Willis focuses his analysis on students in secondary schools, but chances are that signs of trouble for the lads were present during their earlier school experiences. In my many years of teaching and working with schools, I have seen this phenomenon played out repeatedly. Schools struggle to maintain order and discipline, while a relatively small number of recalcitrant students wreak havoc in classrooms and hallways until they are pushed out or drop out of school on their own accord. Before they exit, the administrators charged with handling discipline engage in a futile game of cat and mouse with them. They desperately try to apprehend, contain and control incorrigible students even as the students conjure up new ways to violate school rules. The repeated violations suggest that the students understand completely that the social contract underlying their education has been broken. By their actions it appears they have decided to make the lives of adults and other students miserable as their way of obtaining retribution for a failed education.

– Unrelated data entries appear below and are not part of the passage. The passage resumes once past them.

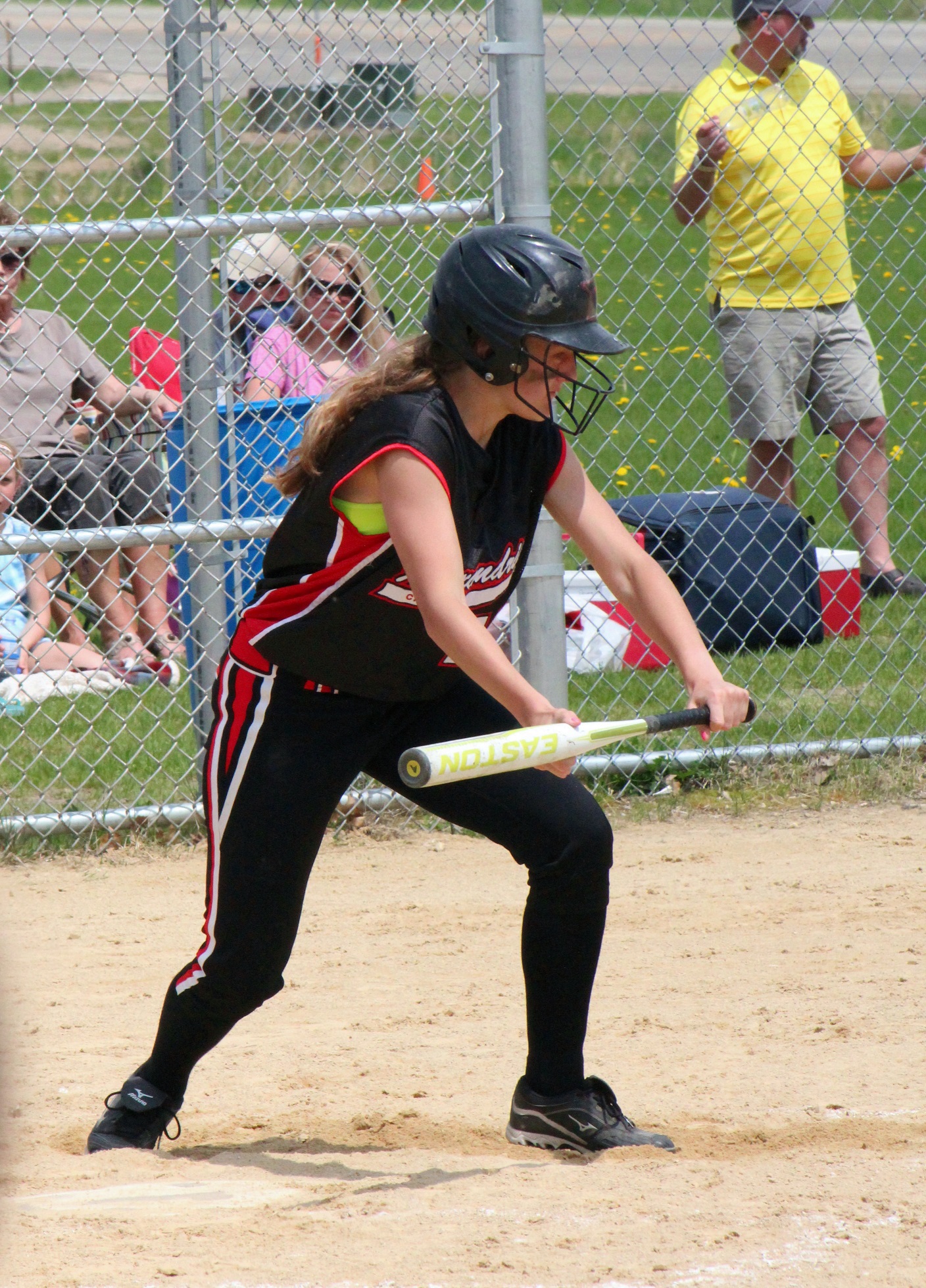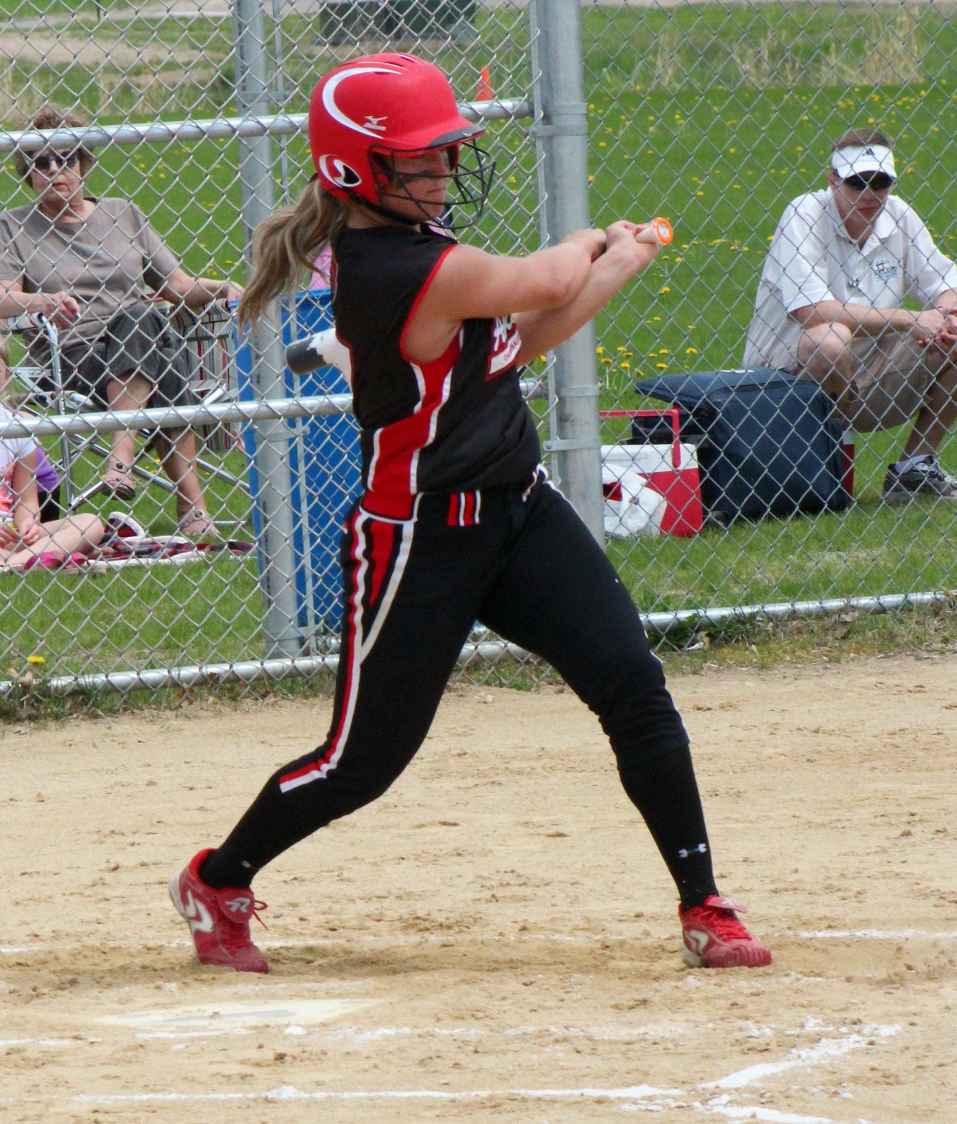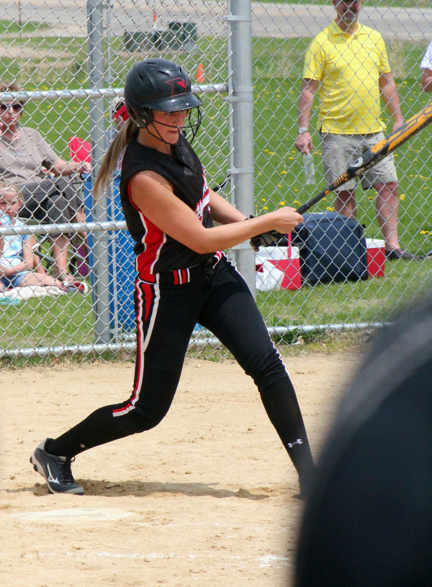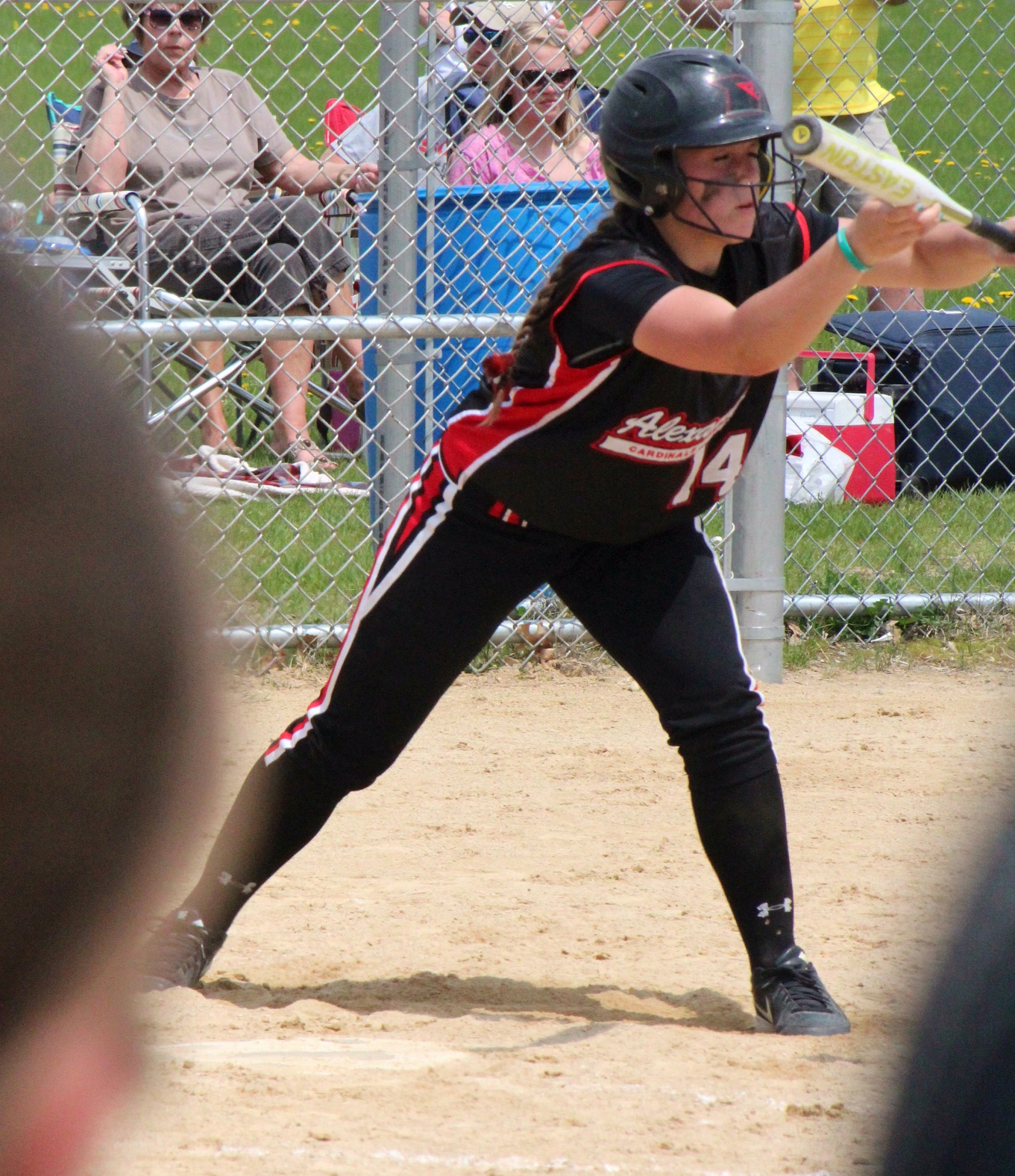 [Batting 3rd and playing 3rd base (are you noticing a symmetry here?), senior Sarah Bruzek (3). For fun also plays soccer and basketball as varsity sports.]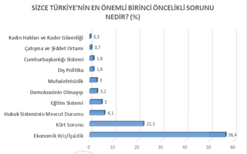 Katılımcılara göre Türkiye’nin öncelikli sorunları listesinde ekonomi, Kürt meselesinin önünde yer alıyor.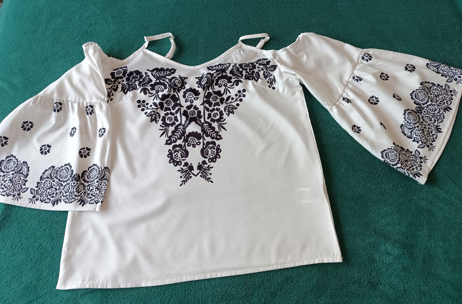 Biela halenka s kvetinovým vzorom, na ramienka, zn. Shein, velk. 38/M, dĺžka - 58cm, šírka ( pod průramkami ) - 48cm, nenosená. V super stave.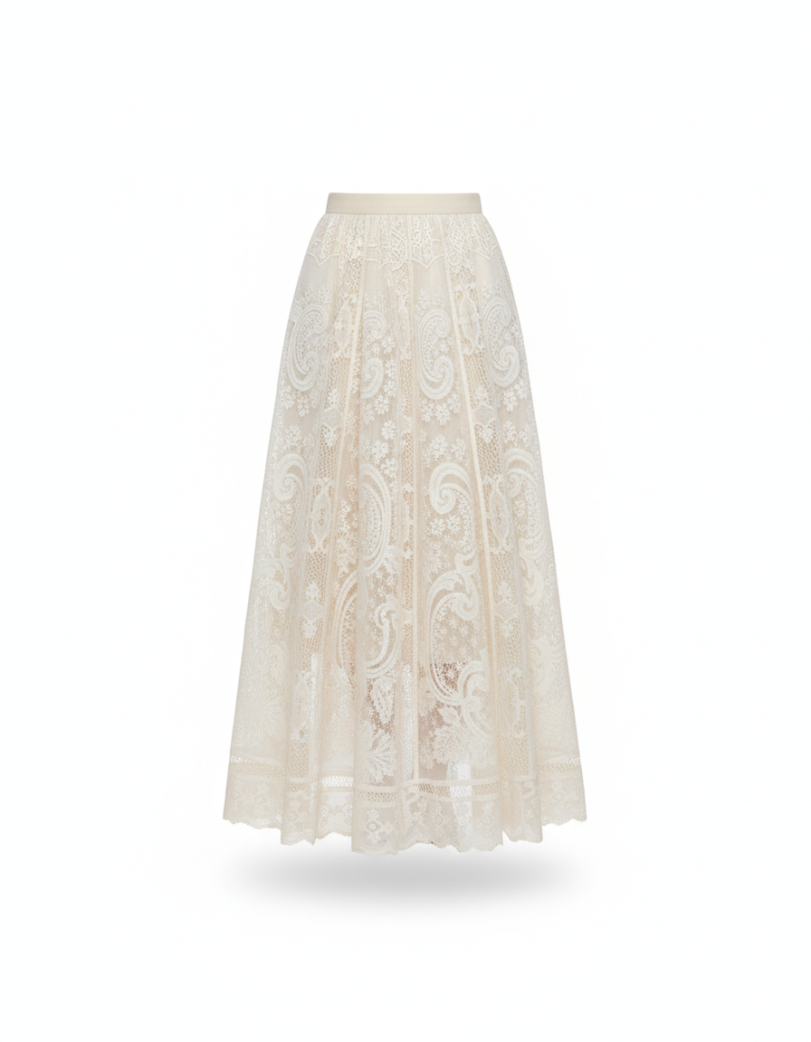 Adoptez l'élégance intemporelle avec notre jupe longue en dentelle écrue, parfaite pour un look raffiné et aérien.

Discipline and the Social Purposes of Education

To break the cycle of failure and restore the social contract that underlies schooling, I believe it is necessary to revisit the purpose of education. In American society, schools carry out three primary functions. First, schools sort children based on various measures of their academic ability and place them on trajectories that influence the economic roles and occupations they will assume as adults. In so doing, they play a role in determining who will lead and manage corporations and government, and who will be led and managed by those in charge (Bowles & Gintis, 1976; Oakes, 1985). Second, schools play an important role in socializing children by teaching the values and norms that are regarded as central to civil society and the social order (Apple, 1982; Durkheim, 1961). They do this by teaching social conventions (e.g., obedience to authority) through implicit and explicit means and by instilling a sense of what it means to be “normal” in students (Gottfredson, 2001). Finally, schools operate as institutions of social control, providing an important custodial function with respect to the care and movement of children. Operating as surrogate parents, schools exercise considerable authority over students, and many of their basic civil rights are suspended while they are in school (Casella, 2001).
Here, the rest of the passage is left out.